**Task prompt:** In the copy, include all of the listing exactly and none of its pictures.

=== Source records ===

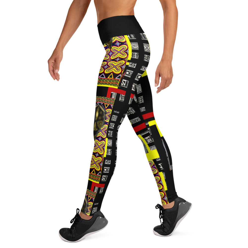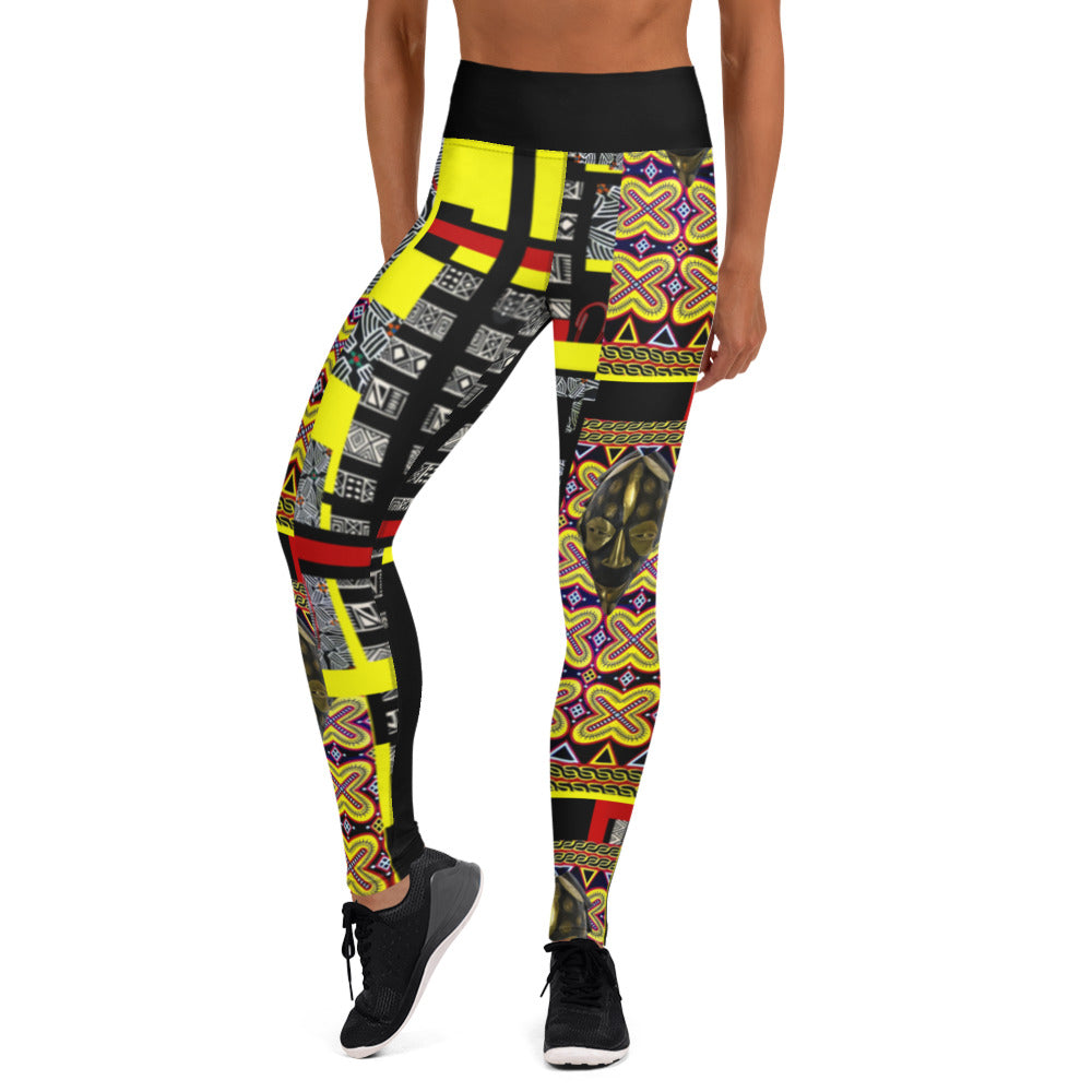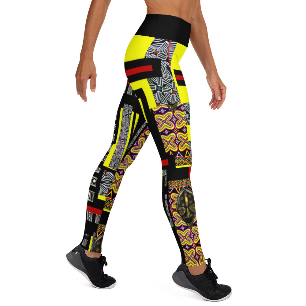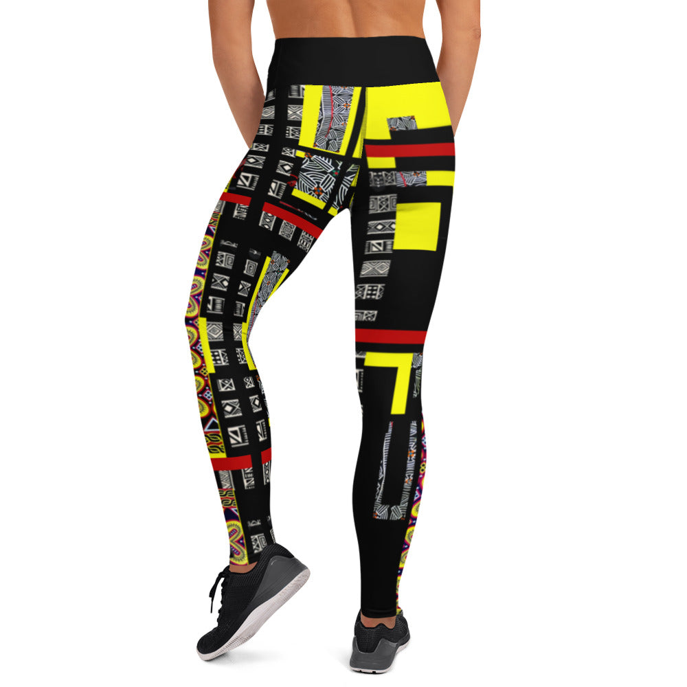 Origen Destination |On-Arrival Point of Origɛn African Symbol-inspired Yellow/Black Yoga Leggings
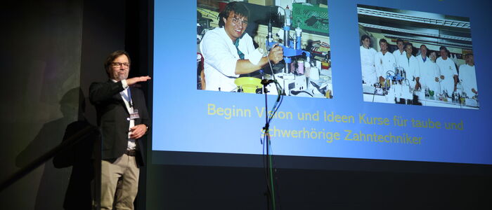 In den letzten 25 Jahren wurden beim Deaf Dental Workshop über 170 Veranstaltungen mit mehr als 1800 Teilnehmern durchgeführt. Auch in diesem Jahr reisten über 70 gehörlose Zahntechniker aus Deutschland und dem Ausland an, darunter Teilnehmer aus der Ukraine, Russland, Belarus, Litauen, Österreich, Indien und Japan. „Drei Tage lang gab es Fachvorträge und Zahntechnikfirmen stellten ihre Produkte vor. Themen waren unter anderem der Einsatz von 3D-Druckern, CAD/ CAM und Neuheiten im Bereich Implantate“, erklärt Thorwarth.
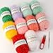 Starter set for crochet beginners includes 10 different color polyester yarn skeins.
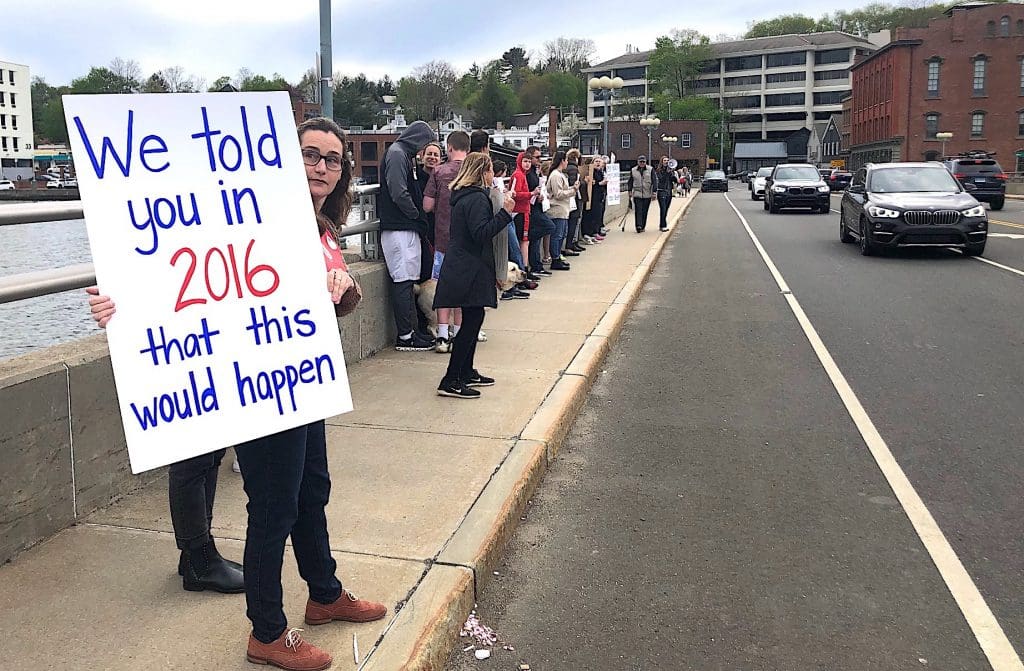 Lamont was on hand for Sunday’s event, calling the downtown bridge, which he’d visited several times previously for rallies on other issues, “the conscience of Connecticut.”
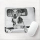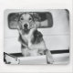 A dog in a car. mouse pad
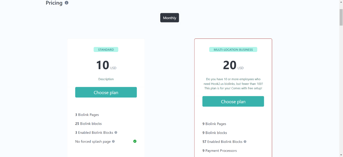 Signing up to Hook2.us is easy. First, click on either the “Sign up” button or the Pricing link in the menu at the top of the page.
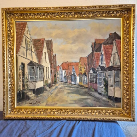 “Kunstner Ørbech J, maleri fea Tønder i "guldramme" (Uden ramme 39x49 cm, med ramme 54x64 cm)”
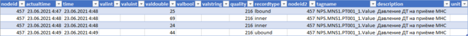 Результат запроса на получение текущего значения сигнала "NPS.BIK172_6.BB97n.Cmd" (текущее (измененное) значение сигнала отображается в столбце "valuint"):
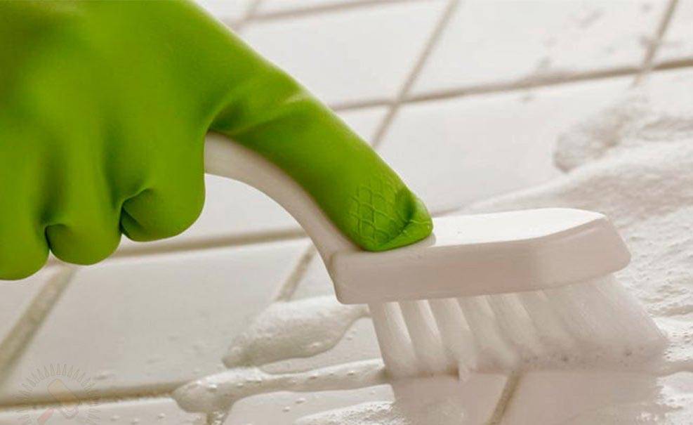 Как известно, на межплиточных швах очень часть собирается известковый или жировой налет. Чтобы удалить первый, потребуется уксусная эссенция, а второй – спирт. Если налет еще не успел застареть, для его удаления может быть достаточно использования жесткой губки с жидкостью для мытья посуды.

===

**Answer space:**
 Origen Destination |On-Arrival Point of Origɛn African Symbol-inspired Yellow/Black Yoga Leggings
 In den letzten 25 Jahren wurden beim Deaf Dental Workshop über 170 Veranstaltungen mit mehr als 1800 Teilnehmern durchgeführt. Auch in diesem Jahr reisten über 70 gehörlose Zahntechniker aus Deutschland und dem Ausland an, darunter Teilnehmer aus der Ukraine, Russland, Belarus, Litauen, Österreich, Indien und Japan. „Drei Tage lang gab es Fachvorträge und Zahntechnikfirmen stellten ihre Produkte vor. Themen waren unter anderem der Einsatz von 3D-Druckern, CAD/ CAM und Neuheiten im Bereich Implantate“, erklärt Thorwarth.
 Starter set for crochet beginners includes 10 different color polyester yarn skeins.
 Lamont was on hand for Sunday’s event, calling the downtown bridge, which he’d visited several times previously for rallies on other issues, “the conscience of Connecticut.”
 A dog in a car. mouse pad
 Signing up to Hook2.us is easy. First, click on either the “Sign up” button or the Pricing link in the menu at the top of the page.
 “Kunstner Ørbech J, maleri fea Tønder i "guldramme" (Uden ramme 39x49 cm, med ramme 54x64 cm)”
 Результат запроса на получение текущего значения сигнала "NPS.BIK172_6.BB97n.Cmd" (текущее (измененное) значение сигнала отображается в столбце "valuint"):
 Как известно, на межплиточных швах очень часть собирается известковый или жировой налет. Чтобы удалить первый, потребуется уксусная эссенция, а второй – спирт. Если налет еще не успел застареть, для его удаления может быть достаточно использования жесткой губки с жидкостью для мытья посуды.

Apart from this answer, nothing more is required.